What did I get… GARBAGE. Now some will like the film for what it is. Cool scenes, crazy action, Mikey Rourke (Had they given him a real plot line would have been excellent.)

But all I could see is what they didn’t give me. No real plot. No understanding of what 3 of the major characters were even doing in this film. Lazy, lazy motivations for everyone. Introductions of characters with no lead into who they were or why they were there. And a love story that climaxed about as hard as soft serve ice-cream… after it had melted for a minutes.

So I’m here to rant against crappy story telling. Jon Favreau (the director/guy from Swingers) - I know - sat around with his buddies back in the day and talked about what made a movie good. He probably called out big budget busts like these. Now he’s responsible for directing this!

I spend hours, I spend days making sure all the elements of my plot works. I struggle with the beginning, middle and end. I try to give surprise, suspense and action. And I make damn sure (or my critique partner or agent or editor does) that the freakin’ story makes sense.

How did this guy watch this movie the first time fully edited and say… Yup! That works.

And why is it that I’ll struggle and struggle to make a story “perfect” on the hope that an NY publisher might buy it for a couple of thousand dollars… and someone thought it was okay to spend millions on this piece of crap and no one gets called on it.

People will go, spend their money, get a lazy half-assed story with some special effects and call it a day. I say NO! I say it’s time movie makers with their million dollar budgets become accountable to a higher standard. Good action movies can be made. Doubt me? Watch Star Trek.

Come on Hollywood. JJ Abrams can’t be the only action storyteller left can he?

Phew… rant done.

11 comments:

Eileen said...

Amen, sister! With all the money they spend on special effects, couldn't there be a little spent on making a decent story to hang those effects on? Also . . . with the bazillions of people who want to write screenplays, you can't tell me that what makes it on the screen is the cream of the crop. I don't believe it.

I don't totally understand the movie-making process. I do get that a lot of times there's a good script that passes through so many hands on its way to the screen that it gets ruined, but really it happens way more often than it should.

Stephanie Doyle said...

Eileen - you're so right. But what kills me is that sometimes all it takes is 1 line. 1 look. 1 moment that can add depth and layers to a person's character.

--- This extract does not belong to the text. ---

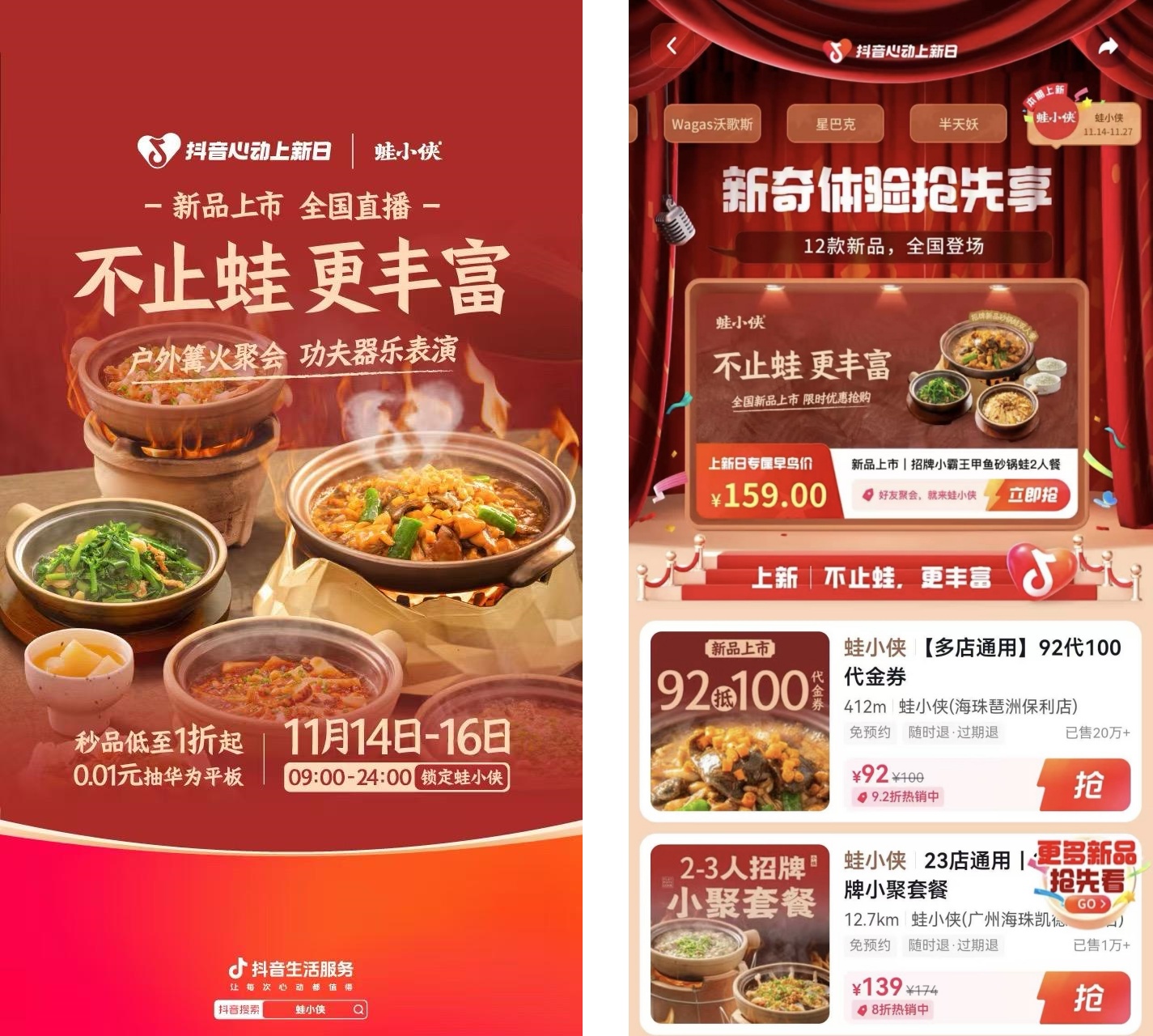 為熱烈慶祝新品的全面上市,蛙小俠攜手「抖音心動上新日」特列推出了「不止蛙,更豐富」主題活動,不僅為大家奉上了沸騰砂鍋系列的心動上新品,還通過主理人空降直播間、東方文化演繹、戶外山谷直播等系列互動玩法,誠邀廣大吃蛙星人共赴蛙小俠,實現(xiàn)蛙肉自由,以一鍋熱氣騰騰的蛙鍋治愈整個冬日。

Why can't I have special effects AND depth. Do they have to be mutually exclusive?

Eileen said...

No. They don't. You brought up Star Trek. I give you Pan's Labyrinth. Amazing special effects, but they were only there in service of the story. Not the other way around.

Maureen McGowan said...

Oh, that is disappointing. I really liked the first one.

This cracked me up... "a love story that climaxed about as hard as soft serve ice-cream… after it had melted for a minutes"

Anonymous said...

That is really too bad about IronMan 2.
I recently(don't laugh) watch both GI Joe and Transformers 2 and both were AWFUL.
Truly terrible, every conversation was disconnected, they couldn't even be bothered to connect plot points, but things went boom and both movies made money.

I think we need to blame teenage boys(and possibly my husband) who'll see a movie regardless of whether it's got a great story.

Karen W said...

Another awful movie to me was Sherlock Holmes. Sure, I like looking at Robert Downey Jr, but the who movie just seemed sort of... pointless.

I'm hoping to rent Legend this weekend.

Eileen said...

Sinead, you can probably add my boyfriend to the list with your husband. He appreciates a good story, but he sees it as secondary to everything else. Sigh. I guess opposites attract, right? ;-)

Maureen McGowan said...

the first Transformers movie was enough for me to know I really, really didn't want to see the second one. Oh, how I disliked that Transformers movie.

And GI Joe? Well, that's one that I wouldn't consider unless it got 2 thumbs up from Sinead -- which I now know it didn't. She's my barometer for action movies.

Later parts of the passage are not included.